Bevis, leading the way, came to a place where the strand, till then so low and shelving, suddenly became steep, where a slight rise of the ground was cut as it were through by the water, which had worn a cliff eight or ten feet above his head. The water came to the bottom of the cliff, and there did not seem any way past it except by going away from the edge into the field, and so round it. Mark at once went round, hastening as fast as he could to get in front, and he came down to the water on the other side of the cliff in half a minute, looked at Bevis, and then went on with Pan.
Bevis, with a frown on his forehead, stood looking at the cliff, having determined that he would not go round, and yet he could not get past because the water, which was dark and deep, going straight down, came to the bank, which rose from it like a wall. First he took out his pocket-knife and thought he would cut steps in the sand, and he did cut one large enough to put his toe in; but then he recollected that he should have nothing to hold to. He had half a mind to go back home and get some big nails and drive into the hard sand to catch hold of, only by that time Mark would be so far ahead he could not overtake him and would boast that he had explored the new sea first. Already he was fifty yards in front, and walking as fast as he could. How he wished he had his raft, and then that he could swim! He would have jumped into the water and swam round the cliff in a minute.

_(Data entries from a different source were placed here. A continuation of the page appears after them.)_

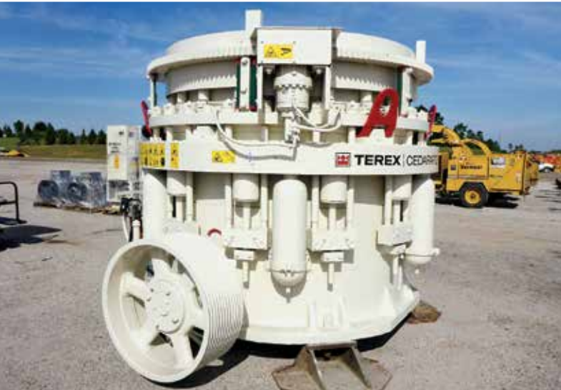
2010 Terex Cedarapids VMP550 Cone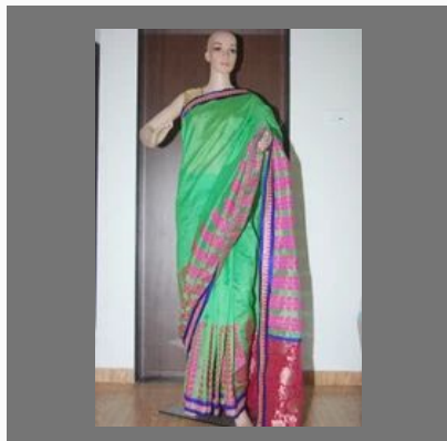
Chanderi Silk Saree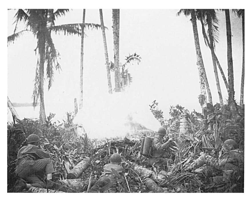
Flamethrowers in action at Munda.

which made the position visible amidst the jungle growth, if not destroying it outright. Next 81-mm. mortars, using heavy shells with delay fuzes, would fire on visible positions. Finally, a platoon or company assaulted, supported by whatever heavy weapons were available. When full reconnaissance was not possible, troops had to attack the terrain—seize and occupy pieces of ground while calling in mortar fire on likely pillbox sites. A tactic of necessity, attacking the terrain could be risky against more than light opposition. The operations officer of the 145th Infantry noted, "Enemy strong points encountered in this fashion often times resulted in hasty withdrawals which were costly both in men and weapons."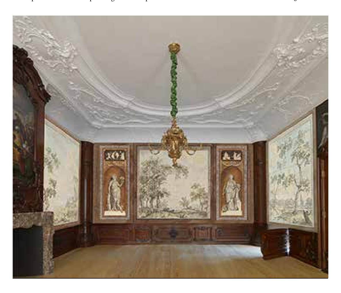
Fig. 17 Digital reconstruction of the missing borders of Bacchante and Peace and design sketches in the Beuning Room.

The digital reconstruction of the paintings in the room shows that everything fits well, with the exception of the position of the concealed door in the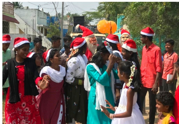
Christmas carols in Randham initiated by the elders. (left)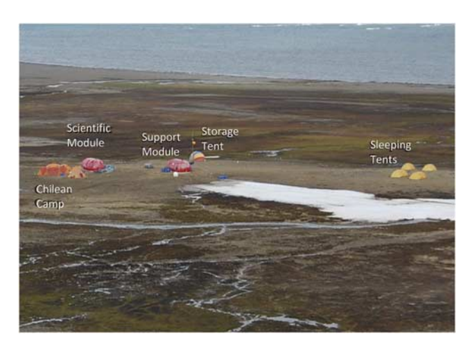
Fig. 1. View of the Spanish camp at South Beaches, Byers Peninsula. Picture taken on January 2010. Note that impacts associated with the Chilean camp are not included in this study.

sampling activities since the late 1940s and ice-free areas visited over much of the Antarctic Peninsula and beyond.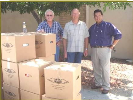
Escondido Grand Avenue Farmers' Market (above)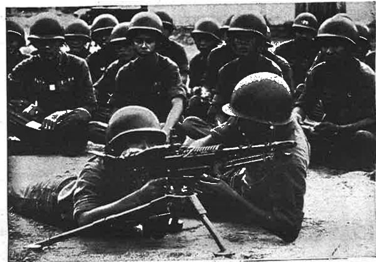
Vietnamese puppets training to "take over" the war from the U.S. Will they fight at all if the U.S. really leaves the Vietnamese to themselves?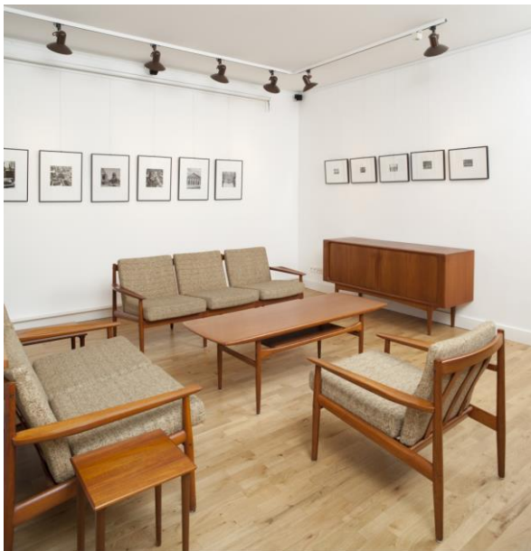
Collection Regard, Berlin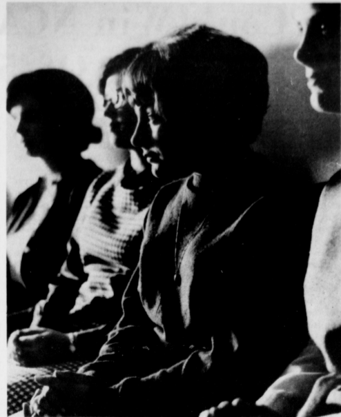
Church Attendance—An Afterthought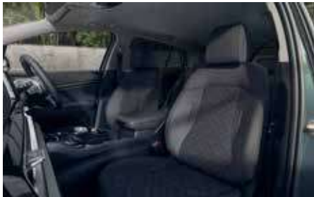
K3 - Black Saturn Cloth & Faux Leather Seat Upholstery

He saw Mark climbing over some railings that went down to the water to divide the fields. He looked up again at the cliff, and almost felt inclined to leave it and run round and overtake Mark. When he looked down again Mark was out of sight, hidden by hawthorn bushes and the branches of trees. Bevis was exceedingly angry, and he walked up and down and gazed round in his rage. But as he turned once more to the cliff, suddenly Pan appeared at an opening in the furze and bramble about halfway up. The bushes grew at the side, and the spaniel, finding Bevis did not follow Mark, had come back and was waiting for him.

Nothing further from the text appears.